There are two debtors in this chapter 7 case: NETtel Corporation, Inc. and NETtel Communications, Inc. For ease of discussion, the court will not distinguish between the two debtors, and its references to `NETtel' or `debtor' should be taken as meaning either one or both of the debtors.
I
As to § 547(b)(1), the defendant argues first that the August 4 payment was not made "to or for the benefit of" the defendant because the funds were at all times held by the defendant in trust for the benefit of the subcontractors (either by operation of law or by virtue of the defendant's contractual obligations to the subcontractors). According to the defendant, it would elevate form over substance to suggest that the payments were made "to or for the benefit of" the defendant where the defendant functioned merely as a conduit between the debtor and the real transferees (that is, the subcontractors). Consequently, the defendant argues that the court should not view the transfer as having been made "to or for the benefit of" the defendant within the meaning of § 547(b)(1).
Because § 547(b) is drafted in the disjunctive, the court will consider only the argument that the payment was not made to the defendant: because, as the court finds below, the payments were made to the defendant, the court need not determine whether the transfer was made for the defendant's benefit.
The defendant's argument urges a distinction, for the purposes of § 547(b)(1), between a `transferee' and a mere `recipient.' If by to the creditor, Congress meant to implicate only transferees and not mere recipients, and if the defendant here were a mere recipient, then the transfer would not have been "to the defendant" as contemplated by § 547(b)(1). The distinction between a transferee and a mere recipient is recognized elsewhere in the Bankruptcy Code. Courts interpreting § 550(a)(1) have held that an individual is not an initial transferee where the individual functions as a mere conduit between the debtor and a third-party. E.g., Lowry v. Security Pac. Business Credit, Inc. (In re Columbia Data Products, Inc.), 892 F.2d 26, 28 (4th Cir. 1989); Bonded Financial Servs., Inc. v. European Am. Bank., 838 F.2d 890, 893 (7th Cir. 1988). Moreover, where an initial recipient or payee has no dominion or control whatever over the funds transferred, the recipient will not be liable under § 550(a)(1) as an initial transferee if the trustee succeeds in a preference action. E.g., Christy v. Alexander Alexander of New York Inc. (In re Finley, Kumble, Wagner, Heine, Underberg, Manley, Myerson Casey), 130 F.3d 52 (2d Cir. 1997) (insurance agent not transferee); Luker v. Reeves (In re Reeves), 65 F.3d 670 (8th Cir. 1995) (corporate shell not transferee); Malloy v. Citizens Bank of Sapulpa (In re First Sec. Mortg. Co.), 33 F.3d 42 (10th Cir. 1994) (bank receiving deposit not transferee); Kaiser Steel Resources, Inc. v.

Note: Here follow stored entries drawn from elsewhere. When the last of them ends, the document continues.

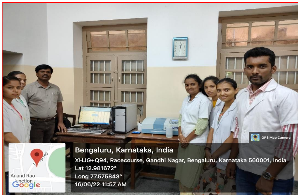
Research Activity on UV-Visible Spectrophotometer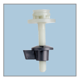
NON-CORROSIVE BOLTS AND WING NUTS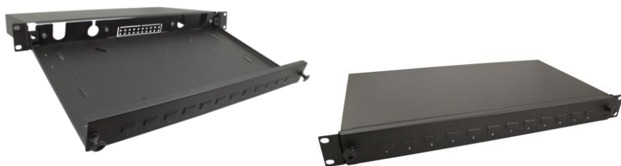
Patch panel, shown open and closed

Cost effective optical sliding patch panel 19" 1U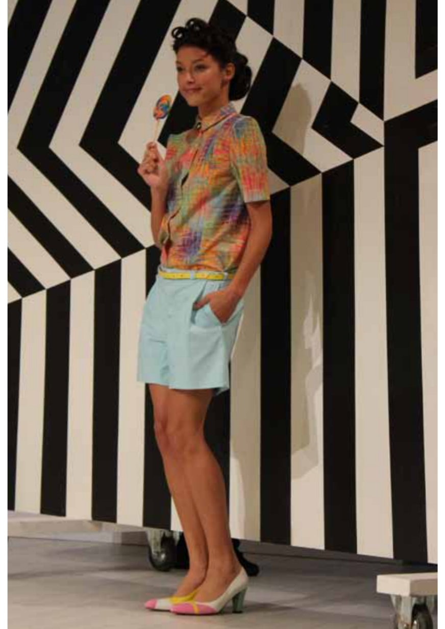
4 ZENTER SHOCK BUBBA BLUE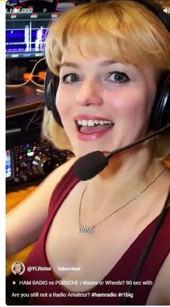
Ham Radio vs Porsche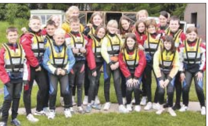
READY to make a splash with sailing and kavaking at the Dolphin House

To add any new details for organisations in Maybol please contact Maybole Resource Centre.

Jacobs (In re Kaiser Steel Corp.), 110 B.R. 514 (D. Colo. 1990) (brokerage firm not transferee); Gropper v. Unitrac, S.A. (In re Fabric Buys of Jericho, Inc.), 33 B.R. 334 (Bankr. S.D.N.Y. 1983) (law firm maintaining escrow account not transferee); 5 Collier on Bankruptcy ¶ 550.02[4][a] (15th ed. rev. 2002). This court, therefore, finds persuasive the defendant's argument that if the defendant were a mere conduit, exercising no dominion or control over the subject funds, the defendant would not be a transferee, and the transfer would not be `to a creditor,' as contemplated by § 547(b)(1).
Here, however, the defendant admits that some portion of the funds transferred from the debtor to the defendant is typically retained by the defendant as payment for the project manager or as profit. (Def. Motion, at 6, Exh. 2, at 17.) In addition, the defendant exercises dominion over those funds by using the funds to discharge its contractual obligations to its subcontractors. Columbia Data Products, Inc., 892 F.2d at 29 (transferee used funds to reduce debt owing to third party; "[t]he fact that [the transferee] could not have used the funds for other purposes does not affect this critical factor"). Finally, the debtor had an independent obligation to the defendant as its prime contractor for performing the construction work (albeit with the assistance of subcontractors).
Because the defendant benefitted from the transaction (by earning a profit and using the funds to discharge its contractual obligations), the transfer was also made for the defendant's benefit, thus satisfying the `for the benefit' prong of § 547(b)(1), notwithstanding the fact that the majority of the funds were transferred to a subsequent transferee. Cf. Bonded Financial Servs., Inc., 838 F.2d at 896 (discussing § 550(a) and holding that "[s]omeone who receives [the transfer] later on is not an `entity for whose benefit such transfer was made'; only a person who receives a benefit from the initial transfer [a guarantor being the paradigmatic example] is within this language.").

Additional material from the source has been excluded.